California Love by Chris Peterson SM '13

a week in the life of an admissions officer on the road

Every year our office travels all over the country to speak to students about MIT. The goal of these presentations is to demystify the Institute and our admissions process, particularly for those far-flung audiences that might not otherwise be able to visit MIT or speak to an admissions officer in person.

Our destinations fall into roughly three categories:

  • Central Meetings: major events, held at large venues, to which we invite everyone in our prospect database in a ~100 mile radius
  • School Visits: visits to individual high schools
  • Community-Based Organizations (CBOs): visits to CBOs, which may work with students from a region or community who span several different high schools

This year, I traveled to Southern California. I spent a week driving all over the region speaking to as many students as I could. I’m writing notes for my colleagues about my journey, and I thought I’d share some of them with you all to see what it’s like to be an admissions officer on the road.

Tuesday, September 2nd


I woke up at 5:30AM and caught a taxi to Logan Airport for my 7:30AM flight direct to LAX. I spent most of the flight napping and reading back issues of the New Yorker.

I landed in LAX around 11:30AM PT and picked up my rental car. Because I was in California, my first stop was In-N-Out.


I have a confession; actually, it’s more of a declaration: In-N-Out is not that good. Californians constantly tell me that it is, but I have been to a lot of burger places, and it is not. Instead, In-N-Out is to Californians what Dunkin Donuts is to New Englanders: it is so familiar and uniquely regional that it makes you feel like home. And sometimes that’s just as (if not more) important than quality.

After checking in at my hotel and changing into my suit, I drove to the First United Methodist Church of Santa Monica, which had volunteered the use of its auditorium for our event. About 90 people came, including 8 Educational Counselors (ECs), our alumni interviwers. Afterward, I headed back to my hotel near Beverly Hills and went to bed on East Coast time.

Wednesday, September 3nd


The next morning I woke up at 6AM and began a full day of school visits. How we pick which schools to visit on any given trip lies in that strange and uncertain space between arbitrary, convention, and intention. My method is to look where I need to be the next day, map out a rough route within that constraint, and then look for schools more or less along it. I prioritize public schools (~70% of MIT undergraduates attended public schools) with strong math and science programs (so that graduates will be well-prepared for MIT), especially those where, based on NCES statistics, I think there are likely to be a number of high-achieving but low-income students who may not have the means to drive halfway across Southern California to come to a central meeting. And then I call their college counselors and hope we can find a time that works for both of us. Some of these schools will send us many applicants and admits, and some very few. My job isn’t so much to convince students to apply as much as to help them think about whether MIT might be a good match for them and to help them understand what a selective college admissions process looks like ‘from the inside.’

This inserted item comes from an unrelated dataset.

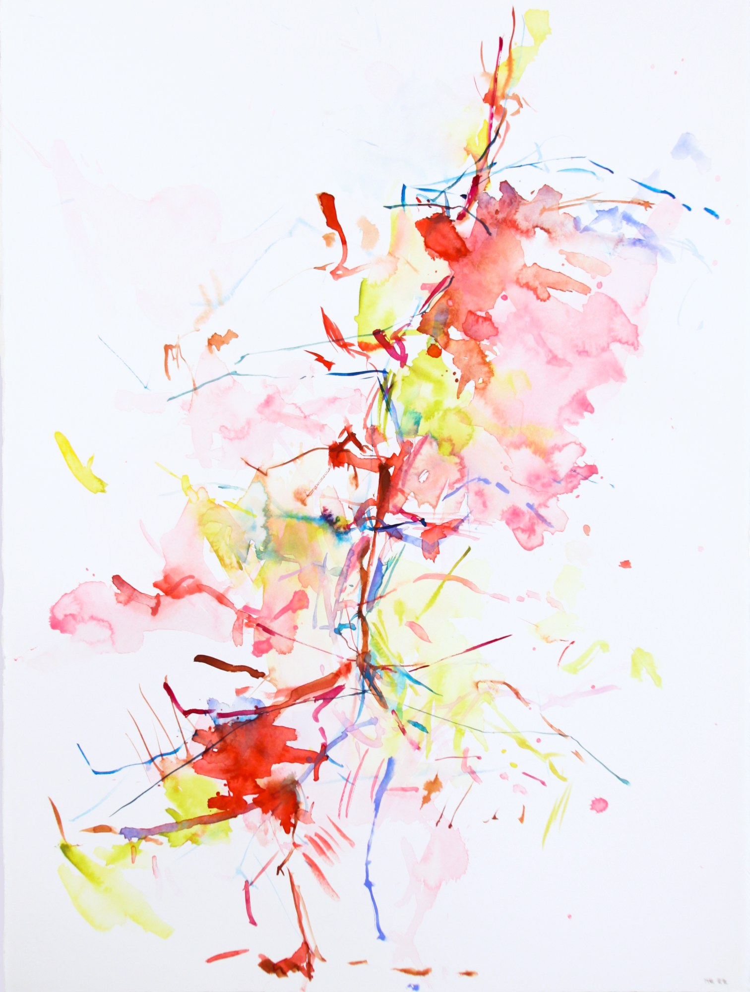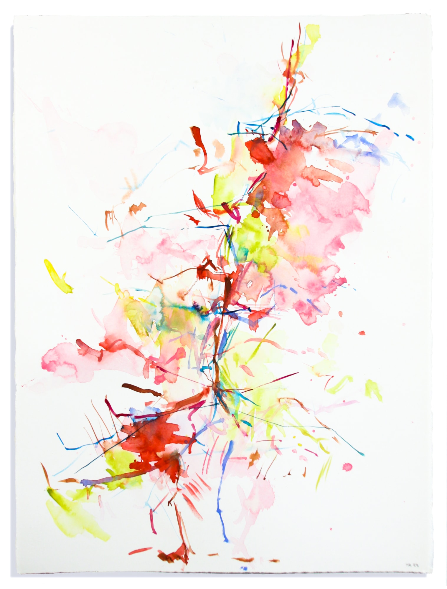Japanese watercolor on 300lb Arches paper. Painted in the studio in Pawtucket, RI as a remembrance of the trees found in Orquevaux, France. Michael spent September of 2021 as an artist in residence in Orquevaux, much of the time working in the landscape. This work continues the ideas first pursued in France with abstraction through memory and invention added.

So, on Wednesday, I visited:

  • 8:15AM – University High School, which has a new digital media magnet program open to all students in LAUSD as well as several ‘small schools’ focusing on engineering and environmental sciences, where I spoke to about 20 students.
  • 10:30AM – Los Angeles Center for Enriched Studies, the oldest magnet school in LAUSD, where I spoke to about 12 students.
  • 12:30PM – Bravo Medical Magnet High School, which offers a magnet program in health sciences to all students in LAUSD. I spoke to about 25 students who came in during their lunch to hear about MIT.
  • 2:15 PM – Clark Magnet High School, which offers a magnet school in advanced technologies and physical sciences for students in the Glendale school district. I spoke to about 25 during the final period of their day.

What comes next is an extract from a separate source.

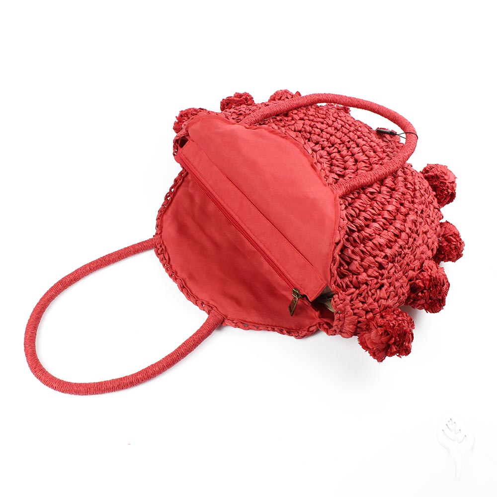 Borsa in paglia rotonda rossa con pompon Kevin Jeans comoda e capiente. Aprendola dalla chiusura con cerniera accediamo al suo interno, qui troviamo un unico grande scomparto con una tasca aperta. La borsa รจ dotata di manici superiori alti 17 cm, comoda da portare a spalla. Pratica e ideale per le serate estive o per le tue giornate in spiaggia.

I then kept driving east toward Pomona where, after grabbing a burger and twice-fried (once in duck fat, and then in vegetable oil) fries at The Back Abbey in Claremont, I stopped at Bright Prospect, a CBO which helps mentor and tutor high-achieving, low-income students from all across the Pomona school district. My friend Jamilla, with whom I used to share a cubicle here at MIT before she left to work at Harvey Mudd, and I partnered to give a joint information session on both of our institutions. I then checked into my hotel in Rancho Cucamonga.

Thursday, September 4th


The next morning I woke up and prepared for my big driving day down to San Diego for the Central Meeting that evening:

  • 8:20AM – Cajon High, a high school with an IB program in the San Bernardino school district, where I spoke to about 30 students.
  • 10:00AM – Middle College High (San Bernardino), a local chapter of a national charter school program which allows students to take many of their upper level courses at a local community college, where I spoke to the entire senior class.
  • 11:30AM – John W. North High, a high school with an IB program in the Riverside school district, where I spoke to about 20 students during lunch.
  • 2:00PM – California Military Institute, a relatively new school in Perris, TX, where all students 5-12 are in a JROTC program and are also required to maintain a high GPA. I was only the second college recruiter ever to visit their school, according to the college counselor, and I spoke to about 20 students right at the end of their school day.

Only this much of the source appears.